Request Flow Overview
A log request traverses the following path through the system:
AosCloud CM SM (per Node)
│ │ │
│ requestLog (JSON/WS) │ │
│────────────────────────▶│ │
│ │ gRPC: SystemLogRequest / │
│ │ InstanceLogRequest / │
│ │ InstanceCrashLogRequest │
│ │─────────────────────────────▶│
│ │ │ Read systemd journal
│ │ │ Filter + format entries
│ │ │ Compress (gzip)
│ │ │ Split into parts
│ │ gRPC: Log (part N) │
│ │◀─────────────────────────────│
│ pushLog (JSON/WS) │ │
│◀────────────────────────│ │
- Cloud initiates — AosCloud sends a
requestLogmessage over the WebSocket connection to CM, specifying the log type, optional time range, and target Node(s). - CM routes to Node(s) — The CM Communication module parses the request and calls
SMController::RequestLog(). The SM Controller iterates over the requested Nodes and forwards the appropriate gRPC message (SystemLogRequest,InstanceLogRequest, orInstanceCrashLogRequest) to each Node's SM via the bidirectional gRPC stream. - SM collects logs — The SM's
LogProviderreads matching entries from the systemd journal, formats them, compresses the output using gzip, and splits the result into parts. - SM sends response — Each compressed part is sent back to CM as a
LoggRPC message containing the part number, total part count, and compressed content. - CM forwards to cloud — CM receives the log parts from the SM Handler and forwards each as a
pushLogmessage over the WebSocket connection to AosCloud.
Log Request Types
The cloud can request three types of logs:
| Type | gRPC Message | Description |
|---|---|---|
| System log | SystemLogRequest | Journal entries from AosCore system components (CM, SM, IAM) |
| Instance log | InstanceLogRequest | Journal entries from a specific service instance, filtered by its systemd cgroup |
| Crash log | InstanceCrashLogRequest | Journal entries surrounding a service instance crash event |
All request types share a common filter structure:
| Filter Field | Description |
|---|---|
correlationId | Unique identifier linking the request to its response parts |
from | Optional start timestamp — only entries at or after this time are included |
till | Optional end timestamp — only entries before this time are included |
nodes | List of Node IDs to collect logs from |
| Instance filter | For instance and crash logs: service ID, subject ID, and instance number to identify the target service |
Log Collection
Journal Access
The LogProvider in SM reads log entries from the systemd journal using the sd-journal API. It supports both cgroup
v1 and cgroup v2 environments for filtering service instance logs.

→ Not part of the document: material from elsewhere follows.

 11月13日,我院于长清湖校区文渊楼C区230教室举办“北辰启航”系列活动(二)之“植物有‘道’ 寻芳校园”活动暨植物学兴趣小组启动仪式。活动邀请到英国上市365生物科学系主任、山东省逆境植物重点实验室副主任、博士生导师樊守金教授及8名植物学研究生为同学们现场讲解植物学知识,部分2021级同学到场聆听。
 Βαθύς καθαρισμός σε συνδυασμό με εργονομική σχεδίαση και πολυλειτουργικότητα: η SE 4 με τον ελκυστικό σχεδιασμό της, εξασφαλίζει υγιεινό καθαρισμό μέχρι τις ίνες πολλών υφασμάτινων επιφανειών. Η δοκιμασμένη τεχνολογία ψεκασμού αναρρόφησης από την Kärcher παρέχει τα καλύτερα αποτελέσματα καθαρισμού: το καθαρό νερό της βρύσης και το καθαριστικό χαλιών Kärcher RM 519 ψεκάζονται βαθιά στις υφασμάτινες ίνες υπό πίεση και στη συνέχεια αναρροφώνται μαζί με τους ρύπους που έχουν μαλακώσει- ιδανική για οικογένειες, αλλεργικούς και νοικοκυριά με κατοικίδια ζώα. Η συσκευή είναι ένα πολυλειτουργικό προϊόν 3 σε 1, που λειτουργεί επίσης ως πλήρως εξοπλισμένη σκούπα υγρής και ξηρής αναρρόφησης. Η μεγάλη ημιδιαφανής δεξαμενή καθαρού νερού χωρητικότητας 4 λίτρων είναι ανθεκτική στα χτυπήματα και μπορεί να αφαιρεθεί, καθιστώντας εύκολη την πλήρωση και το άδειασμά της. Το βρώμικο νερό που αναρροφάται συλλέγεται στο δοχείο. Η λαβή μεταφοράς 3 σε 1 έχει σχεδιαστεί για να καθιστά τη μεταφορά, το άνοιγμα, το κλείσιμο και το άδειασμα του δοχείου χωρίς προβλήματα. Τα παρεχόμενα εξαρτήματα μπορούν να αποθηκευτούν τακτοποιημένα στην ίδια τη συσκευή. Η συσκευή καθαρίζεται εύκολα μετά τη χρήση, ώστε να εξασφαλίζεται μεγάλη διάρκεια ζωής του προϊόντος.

System logs — When no instance IDs are specified, the LogProvider reads all journal entries within the requested time range. Each entry includes the systemd unit name to identify which component produced it.

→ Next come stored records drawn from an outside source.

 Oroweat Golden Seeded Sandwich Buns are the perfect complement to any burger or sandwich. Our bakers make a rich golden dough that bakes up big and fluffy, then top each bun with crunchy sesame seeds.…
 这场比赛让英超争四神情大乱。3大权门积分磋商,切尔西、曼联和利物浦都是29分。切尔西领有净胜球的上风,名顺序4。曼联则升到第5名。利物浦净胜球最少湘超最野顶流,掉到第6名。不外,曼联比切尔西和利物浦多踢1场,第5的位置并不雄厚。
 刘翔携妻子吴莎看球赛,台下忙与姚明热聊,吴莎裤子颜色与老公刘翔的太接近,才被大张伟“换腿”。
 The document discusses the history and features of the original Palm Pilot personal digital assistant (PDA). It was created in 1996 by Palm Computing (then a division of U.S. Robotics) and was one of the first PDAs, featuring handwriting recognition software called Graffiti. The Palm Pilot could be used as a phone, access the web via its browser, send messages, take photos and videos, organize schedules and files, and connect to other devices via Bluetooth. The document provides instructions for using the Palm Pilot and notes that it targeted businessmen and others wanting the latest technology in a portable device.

Instance logs — The LogProvider resolves the requested service filter to concrete instance IDs, then applies cgroup-based journal filters:
| Cgroup Version | Filter Pattern |
|---|---|
| v1 | _SYSTEMD_CGROUP=/system.slice/system-aos\x2dservice.slice/aos-service@<instanceID>.service |
| v2 | _SYSTEMD_CGROUP=/system.slice/system-aos\x2dservice.slice/<instanceID> |
Both patterns are added as disjunctive matches, so entries from either cgroup layout are captured.
Crash Log Extraction
Crash log collection uses a two-phase approach:
- Find crash time — The LogProvider seeks backward from the
tilltimestamp (or journal tail) looking for a "process exited" message. The monotonic timestamp of this entry becomes the crash boundary. - Collect surrounding entries — Using the crash time as an upper bound, the LogProvider collects all journal entries from the service instance's cgroup that occurred between the service start ("Started" message) and the crash. This captures the full execution context leading up to the failure.
If no crash event is found within the requested time range, an empty response with absent status is returned.
Entry Formatting
Each journal entry is formatted as a single line:
<ASN1-timestamp> [<systemd-unit>] <message>
- The timestamp is formatted as an ASN.1 time string for consistent parsing.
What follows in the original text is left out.